Speaking to a gathering in the Junior Common Room after the John Winthrop House Thursday evening dinner, Admiral W. S. Sims, U.S.N. retired, remarked "the world situation calls to my mind the picture of a cauldron of boiling oil, around which stand the so-called statesmen of the world. Every now and then they drop in a bit of ice to keep it from boiling over. They do not think of the fire below. Not the number of weapons, but the causes of war is the vital question.
"This vital fire below is the pressure of chambers of commerce and of nations of further their own individual interests. Individuals are not so much to blame, nor the oft-abused Congressmen; it is a concentration of pressure at Washington that keeps in operation a tariff which is approved by few. Such tariffs, in the opinion of Frank Simonds, lead to more deaths than wars themselves.
"The great hope as regards the military situation," the Admiral commented, "lies in the fact that warring powers such as the United States and great Britain could wreak unbearable damage on each other's commerce. People are beginning to see their mutual dependence.
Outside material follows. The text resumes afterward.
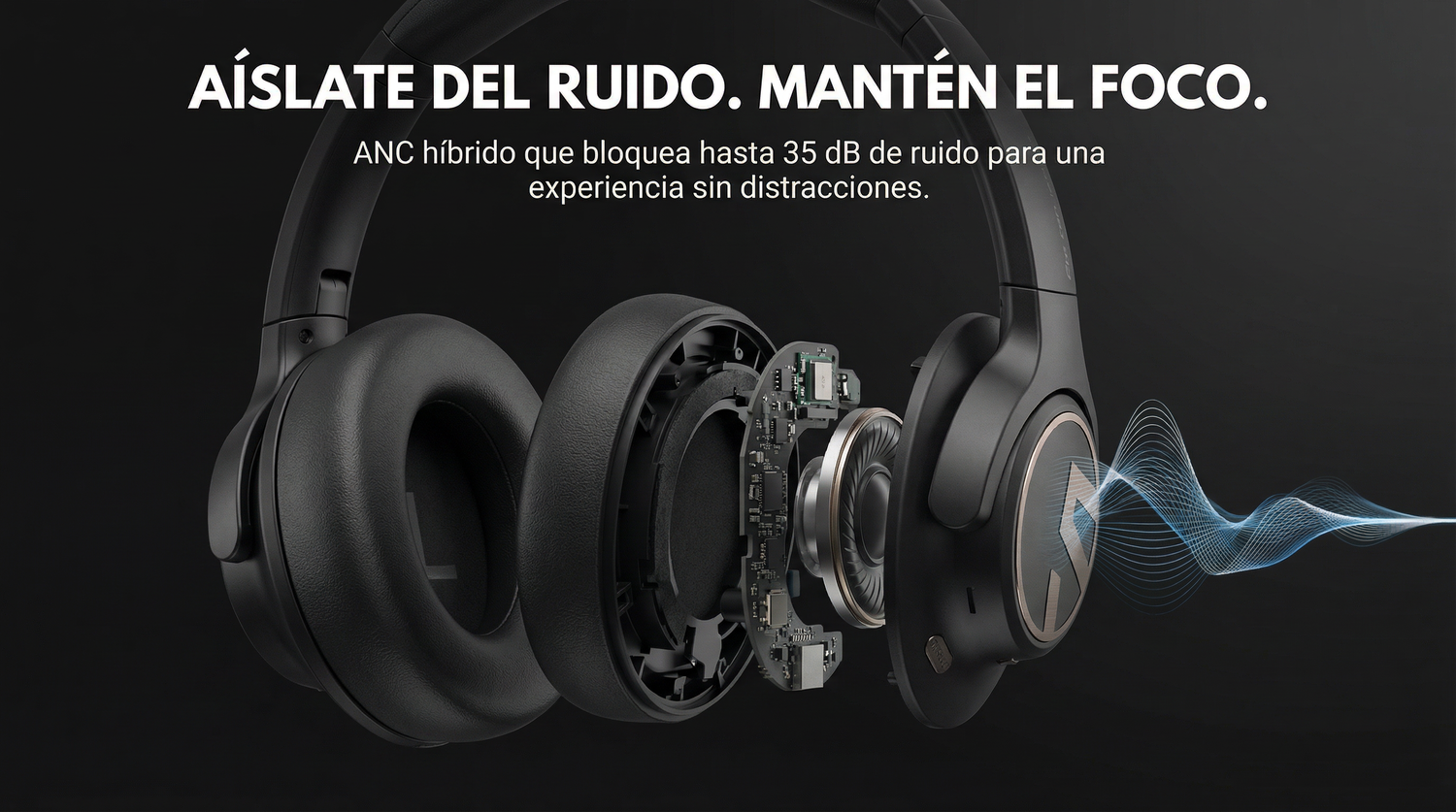 La tecnología ANC híbrida reduce hasta 35 dB de ruido exterior, permitiéndote concentrarte incluso en entornos exigentes. El sonido es claro, potente y equilibrado, pensado para sesiones largas sin fatiga auditiva.
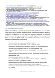 - FH - Freedom House (2023): Freedom in the World 2022: Eritrea, https://freedomhouse.org/country/eritrea/freedom-world/2022, Zugriff 11.12.2023 - GCR2P - Global Centre for the Responsibility to Protect (31.8.2023): Eritrea, https://www.globalr2p.org/countries/eritrea/, Zugriff 11.12.2023 - HO - Home Office [Vereinigtes Königreich] (9.2021): Country Policy and Information Note. Eritrea: National service and illegal exit, https://assets.publishing.service.gov.uk/media/614dec63d3bf7f7192d4bf0f/ ERI_CPIN_National_service_and_illegal_exit.pdf, Zugriff 11.12.2023 - HRW - Human Rights Watch (12.1.2023): World Report 2023 - Eritrea, https://www.ecoi.net/en/document/2085412.html, Zugriff 11.12.2023 - SFH - Schweizerische Flüchtlingshilfe (25.8.2023): “Der Nationaldienst in seiner jetzigen Form ist untrennbar mit Zwangsarbeit und der Sklaverei ähnlichen Praktiken verbunden”, https://www.fluechtlingshilfe.ch/publikationen/news-und-stories/der-nationaldienst-in-seiner- jetzigen-form-ist-untrennbar-mit-zwangsarbeit-und-der-sklaverei-aehnlichen-praktiken-verbunden, Zugriff 11.12.2023 - UNHRC - United Nations Human Rights Council (9.5.2023): Situation of human rights in Eritrea. Report of the Special Rapporteur on the situation of human rights in Eritrea, Mohamed Abdelsalam Babiker, https://www.ecoi.net/en/file/local/2093254/G2309208.pdf, Zugriff 11.12.2023 10. Allgemeine Menschenrechtslage In Eritrea kann es fallweise zu massiven Menschenrechtsverletzungen kommen, und in den letzten Jahren hat sich das nicht signifikant geändert. In der 1997 angenommenen Verfassung, welche bis heute nicht in Kraft getreten ist, sind in Art. 14 bis 24 die Grundrechte niedergelegt. Sie werden von staatlichen Organen allerdings nicht respektiert (AA 3.1.2022) - es gibt in Eritrea überhaupt keinen Schutz der Bürgerrechte (BS 23.2.2022). Folgende UN-Menschenrechtskonventionen respektive Fakultativprotokolle hat Asmara jedoch ratifiziert: •Internationaler Pakt über bürgerliche und politische Rechte •Internationaler Pakt über wirtschaftliche, soziale und kulturelle Rechte •Internationales Übereinkommen zur Beseitigung jeder Form von Rassendiskriminierung •Übereinkommen zur Beseitigung jeder Form von Diskriminierung der Frau •Fakultativprotokoll zum Übereinkommen zur Beseitigung jeder Form von Diskriminierung der Frau •Übereinkommen gegen Folter und andere grausame, unmenschliche oder erniedrigende Behandlung oder Strafe •Übereinkommen über die Rechte des Kindes •Fakultativprotokoll zum Übereinkommen über die Rechte des Kindes betreffend die Beteiligung von Kindern an bewaffneten Konflikten •Fakultativprotokoll zum Übereinkommen über die Rechte des Kindes betreffend den Verkauf von Kindern, die Kinderprostitution und die Kinderpornographie •Internationales Übereinkommen zum Schutz aller Personen vor dem Verschwindenlassen (AA 3.1.2022) .BFA Bundesamt für Fremdenwesen und Asyl Seite 19 von 48

The freedom of the seas means the freedom of neutrals to charge from 300 to 2000 percent extra freight for carrying supplies to your enemy, and will never be observed in war, spiritual bonds notwithstanding."
The Admiral explained that no Japanese or British fleet could successfully attack our shores, because of limitations in fuel and distance. "It is commerce that is attacked, and must be protected; America is dependent on such products as manganese and rubber obtained only from abroad."